Blame the popularity of the pouf on the combination of "Jersey Shore" emulation and an '80s fashion resurgence.

And we cannot forget the Bumpit, an oblong hair accessory advertised on late-night TV that's helping scores of limp-tressed women achieve a millennial bouffant do.

The height of hair has its roots in the 1960s, and some might argue that it got its stylish start in Philadelphia on "American Bandstand," when celebrities Connie Stevens, Connie Francis and even Diana Ross and the Supremes teased their hair like a rat's nest and into a beehive.

In the 1960s, Jackie Kennedy adopted the look, but salons called it a bouffant style, and the tease terminology was upgraded to a "backcomb." In the late 1980s and early 1990s, the look was reborn, but the hair was pulled into a tight French twist. Think the members of R&B group En Vogue, in their '90s days.

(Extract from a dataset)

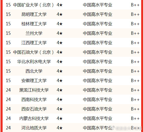 p; n1 y% e; ]# f: D 在最新校友会2022中国大学地质工程专业排名(研究型)中,中国地质大学(武汉)荣膺2022中国七星级专业(7★),迈进世界知名高水平专业、中国顶尖专业行列。福州大学、成都理工大学、中国矿业大学、中南大学、长安大学、吉林大学荣获2022中国六星级专业(6★),进入世界高水平专业、中国顶尖专业行列。西安科技大学、河海大学、同济大学、南京大学、中国地质大学(北京)、西南交通大学、山东科技大学荣得2022中国五星级专业(5★),跻身世界知名专业、中国一流专业行列。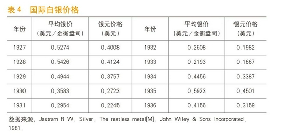 大革命时期和土地革命时期,红色货币的本位币均为银元,红色货币发行量折算分为四个步骤:一是利用货币与银元之间的比价关系,将货币发行量换算成银元;二是根据银元的含银量和国际白银价格换算为美元,如以“袁大头”代表银元,可认为银元含银量23.7克,相当于0.76金衡盎司,参考国际平均银价(见表4),计算出银元的美元价格;三是采用货币发行年份到2020年的美国CPI指数进行折算,得到货币发行量的2020年美元现值;四是按照2020年12月31日银行间外汇市场人民币汇率中间价为1美元兑人民币6.5249元,换算为人民币现值(见表1)。

The modern-day bump was ushered into style about two years ago thanks to celebrities known for fashion irreverence such as Rihanna, who shaved her hair on the sides to create amazing volume at her crown — resembling a pompadour — and even Lady Gaga. Instead of a tight orderly look, it's a looser, half-up half-down style.

But high hair isn't reserved for rock stars. Politicians like it, too: Tea party darling Sarah Palin sports a bump.

In February, the fall fashion runways were awash with big-haired models from designers such as Oscar de la Renta. In this month's fashion magazines, Derek Lam's spring collection featured a blond bouffanted model.

And now, instead of teasing, the popularity of extensions allows all women to bring their hair with them to stylists who can deliver looks that soar to the highest heights.

But at least one stylist, Kevin Gatto of Verde Salon in Collingswood, N.J., is shaking his slightly gelled hair. Gatto understands why people like the statuesque profile that results from the sheer volume, but the Snooki look is just "too extreme," he says.

"I'm planning on doing modified versions of it," said Gatto, who is no fan of the Bumpit. "I plan on making it more sophisticated and softer. I want it to be, well, more red carpet and less Boardwalk."

We wonder what Snooki would say about that.